Programmatic and model-based evaluations
Duties in CURIE are diverse and have ground-truth annotations in blended and heterogeneous kind, e.g., as JSONs, latex equations, YAML recordsdata, or free-form textual content. Evaluating free-form technology is difficult as a result of solutions are sometimes descriptive, and even when a format is specified, as in most of our circumstances, the response to every area can have differing types. For instance, supplies grid factors might typically be specified as “[p, q, r]” and at different occasions as “p × q × r”. Therefore, along with the programmatic analysis metrics, corresponding to ROUGE-L, intersection-over-inion (used for BIOGR), and identification ratio (utilized in PDB), we suggest two model-based analysis metrics.
(1) LMScore: Prompts an LLM asking how carefully the predictions match floor fact on a 3-point scale: “good” if the prediction has few minor errors, “okay” if there are a lot of minor errors, and “unhealthy” if there are main errors. We contemplate the weighted common of the log-likelihood scores of the tokens to provide a last confidence.
(2) LLMSim: Is used for retrieval duties the place we ask the mannequin to exhaustively extract many particulars, e.g., descriptors, properties and values of supplies from a analysis doc, and supply as output an unordered checklist of dictionaries or information.
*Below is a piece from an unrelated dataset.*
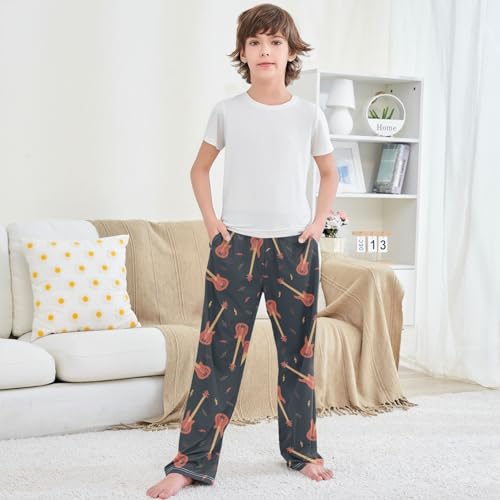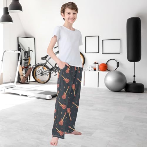 Boy's Pants Bass Guitar Jogger Pants Elastic Waist Long Bottoms Trousers with Pockets 6-14 Years

We use a chain-of-thought (CoT) immediate that asks the LLM to take a look at every ground-truth document and establish the expected information that accurately match every area (key) and worth of the bottom fact. As soon as we match the ground-truth information with predicted information, we will then measure precision and recall for the retrieval activity, and compute the imply common precision, recall and F1 scores throughout all paperwork.